Few people had a better 2008 than Nate Silver. The 30-year-old numbers whiz fed polling data and election returns into a statistical model he designed, allowing him to call the presidential primaries and the general election with uncanny accuracy and turning his Web site, FiveThirtyEight.com (named for the total number of Electoral College votes) into a must-read for political junkies.
Meanwhile, the system he developed for crunching baseball stats, known as PECOTA, predicted a successful season for the previously horrible Tampa Bay Rays, who went on to make it to the World Series. Silver spoke with Senior Writer Edward Cone about increasing the signal-to-noise ratio in political polling, and the implications of his work for business intelligence.
CIO Insight: A year ago, you were a successful baseball wonk, and now you’re talking politics on national television. How did that happen?
Nate Silver: You have 14 or 15 national survey research firms–all putting out polls in different states–and you have the local pollsters. You have so much information to sort through that someone has to play traffic cop and say this is what we should look at; this is how we can aggregate this information in a way that’s sensible. I felt the same frustration you get with the sports media, with conventional wisdom that doesn’t hold up to scrutiny. That was a lot of it–just wanting to improve the political discourse.
So there was data out there, but you analyzed it in a systematic way.
Silver: We have rules and algorithms set up for dealing with all these different polls. If you get a poll that looks like an outlier, nine times out of 10 you can understand why it came up with the numbers that it did–some weird assumption about turnout, or whatever else. You might have 15 polls that come out and one really weird number that comes out by chance or bad design. Those should be the kind that you disregard, even though they’re interesting and drive the most discussion.
You did your work with pretty limited resources. There was no super-computer in your home office.
Silver: A lot of it is not that complicated. You need a good model, and you need to not take shortcuts. You need to sweat the small stuff. I’ve got a problem-solving approach: My background as an undergrad was in economics, not statistics. I’m not that interested in the numbers for the numbers’ sake, but more in the question: Who’s going to win the presidency? When you are building a model, you have to understand the problem you’re trying to solve.
You didn’t just rely on the numbers. Your team spent time crossing the country to see things for themselves. What can businesses learn from that combination of approaches?
Silver: Sometimes, if you depend purely on the numbers, there’s a kind of inverse selection at work. That applies to things like site selection for a business. A site might look great on paper for retail space, but maybe there’s a porn store across the street, or a murder happened there two years ago. There are negative outliers you have to be very careful of.
Getting this right takes a combination of things. You want to be really meticulous, but also keep in mind the big picture: the problem you’re trying to solve. You can’t outsource all this stuff to India.
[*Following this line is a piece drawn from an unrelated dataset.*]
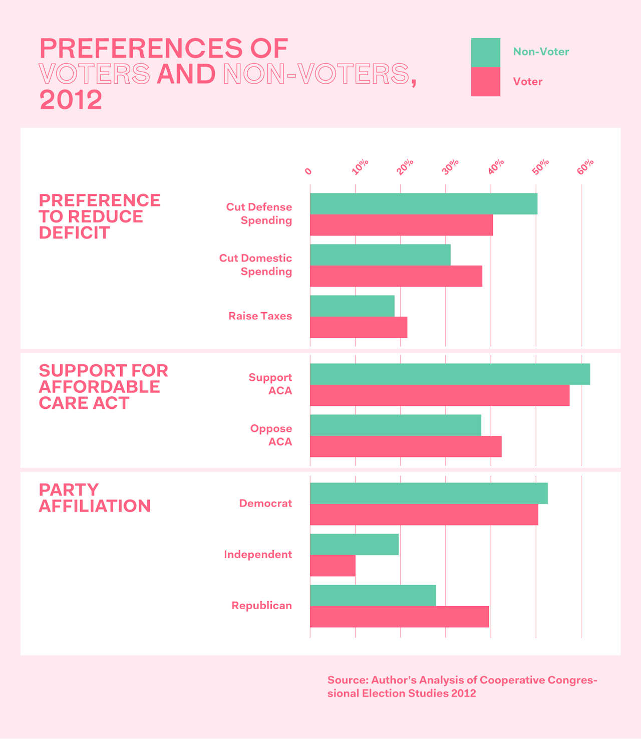 In the 2016 election, black voter turnout was down from 2012 while white turnout increased — certainly enthusiasm could have played a role, but 2016 is also the first presidential election since a key provision of the Voting Rights Act was struck down (which required states with a history of voting rights violations to get pre-clearance before changing their voting laws). Many formerly covered states aggressively restricted voting rights and closed polling locations. While some of these restrictions were stopped in courts, the lack of pre-clearance meant that many were implemented. Political scientist Anthony Fowler found that lower turnout benefits Republicans, and my own research shows that non-voters have more progressive views than voters.

You could have a million Ph.D.s working on it–people who are very smart–but if they don’t understand the landscape of American politics, or what a baseball player’s career looks like, they won’t get it right. There’s an art to it, as well as a science.
There are a lot of parallels between this kind of political analysis and other areas. I went to a conference about national security, and I could see parallels between predictions in baseball and predictions based on picking up terrorist chatter. And there are overlaps with the way a company like McDonald’s understands its reputation in different countries.
I’m trying to define this science of electoral sabremetrics [statistical analysis used in baseball]. I’m looking at the art and science of forecasting hurricanes, air traffic control, people who predict the future in different ways. What are the commonalities? It’s all driven by data. The art is not in collecting information, but in being able to sort through it and find meaning within all that noise.